A Braided Rug to Grace an Earthen Floor

    “A Braided Rug to Grace an Earthen Floor,” Ensign, Oct. 1986, 21

    A Braided Rug to Grace an Earthen Floor

    It is a dugout—yes; and it is home.

    It will not always be. But must we wait

    for beauty, warmth? For comfort, and a rest

    for tired feet? This braided rug is where

    my children play, I rock my little one,

    can do my mending on a rainy day.

    O, yes, the rug is rag.

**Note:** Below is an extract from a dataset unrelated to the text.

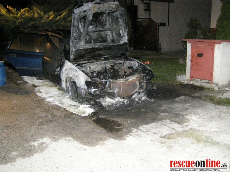 KR HaZZ Trnava |MM| Na ohlasovňu požiarov OR HaZZ v Piešťanoch bol dňa 17. 5. 2012 o 00.11 hod. cez KS IZS v Trnave nahlásený požiar osobného motorového vozidla v obci Borovce. Na miesto udalosti bola vyslaná jednotka z OR HaZZ v Piešťanoch (HS Piešťany) s technikou AHZS MB Atego + 3 príslušníci. Po príjazde na miesto udalosti bolo prieskumom zistené, že sa jedná o požiar osobného motorového vozidla Peugeot 406 parkujúceho pred rodinným domom. Motorová časť a časť interiéru bola zachvátená požiarom, ktorý majiteľ vozidla za pomoci občanov uhasil pred príchodom jednotky HaZZ. Príslušníci za pomoci ručného náradia otvorili motorový priestor vozidla. Pri požiari prišlo k poškodeniu palivovej hadice v dôsledku čoho unikali pohonné látky z vozidla. Príslušníci HaZZ zasypali sorbentom uniknuté pohonné látky. Na miesto udalosti sa dostavila polícia SR a riadiaci dôstojník OR HaZZ v Piešťanoch. Jednotka HaZZ sa o 02.10 hod. vrátila na základňu bez poškodenia hasičskej techniky a zranenia príslušníkov. Predbežná škoda na osobnom motorovom vozidle bola majiteľom vyčíslená na 3.000 eur. Príčina vzniku požiaru je v štádiu vyšetrovania.
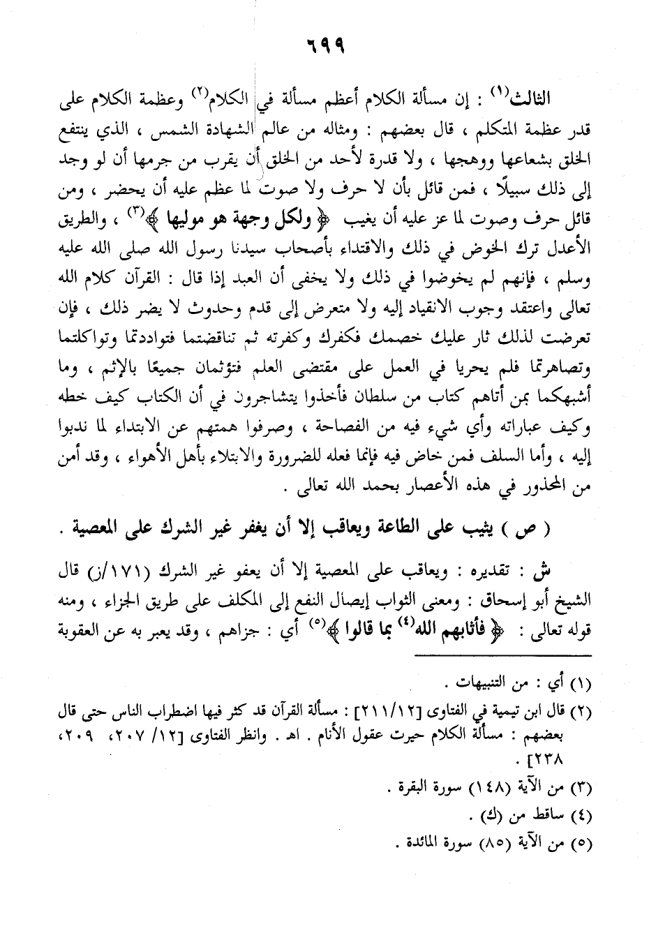 الثالث: إن مسألة الكلام أعظم مسألة في الكلام وعظمة الكلام على قدر عظمة المتكلم، قال بعضهم: ومثاله من عالم الشهادة الشمس، الذي ينتفع الخلق بشعاعها ووهجها، ولا قدرة لأحد من الخلق أن يقرب من جرمها أن لو وجد إلى ذلك سبيلا، فمن قائل بأن لا حرف ولا صوت لما عظم عليه أن يحضر، ومن قائل حرف وصوت لما عز عليه أن يغيب {ولكل وجهة هو موليها} والطريق الأعدل ترك الخوض في ذلك والاقتداء بأصحاب سيدنا رسول الله صلى الله عليه وسلم فإنهم لم يخوضوا في ذلك ولا يخفى أن العبد إذا قال: القرآن كلام الله تعالى واعتقد وجوب الانقياد إليه ولا متعرض إلى قدم وحدوث لا يضر بذلك، فإن تعرضت لذلك ثار عليك خصمك فكفرك وكفرته ثم تناقضتما فتواددتما وتواكلتما وتصاهرتما فلم يحريا في العمل على مقتضى العلم فتؤثمان جميعا بالإثم، وما أشبهكما بما أتاهم كتاب من سلطان فأخذوا يتشاجرون في أن الكتاب كيف خطه وكيف عباراته وأي شيء فيه من الفصاحة، وصرفوا همتهم عن الابتداء لما ندبوا إليه، وأما السلف فمن خاض فيه فإنما فعله للضرورة والابتلاء بأهل الأهواء، وقد أمن من المحذور في هذه الأعصار بحمد الله تعالى.

Surprising things

    are fashioned from such goods—worn, faded, frayed—

    Beyond all use, you might say, but for bulk

    to stuff a mattress, chink a gaping wall.

    The frailest filament may gather strength

    among its fellow-strands, enough of them

    to give it muscle. Dyed in onion skins,

    beet juice, or sagebrush leaves, the fiber, wound

    in loose-runged skeins, takes on new gallantry.

    With phoenix boldness it will rise again,

    bright, coloral to cheer. Restored to life,

    it cushions us, lifts us above the floor

    of hard-packed earth (we do not call it dirt.

    My children pealed the clay to surface it

    from dry-wash beds, helped shape and kiln the tiles).

    The entrance roof? It’s made of willow boughs

    matted to slabs still crusted with their bark,

    spread with a gingerbread of friendly earth.

    The chimney rises farther up the slope,

    above, behind the roof, footed with clay.

    It flues the fireplace—which simmers stew,

    bakes aromatic loaves from grains we grew.

    The children have been good to gather wood.

    Their father will be proud when he returns—

    his mission to his homeland well fulfilled—

    happy and pleased that we have been so blessed

    with shelter, and a simple pleasantry—

    past want, beyond necessity—yes, more—

    This braided rug to grace an earthen floor.

    We’ll thank our mentors, mole and meadow mouse,

    then quit this cozy hole. A “dobie house”

    will rise. Then come and share warm barley mugs

    before the hearth upon new braided rugs.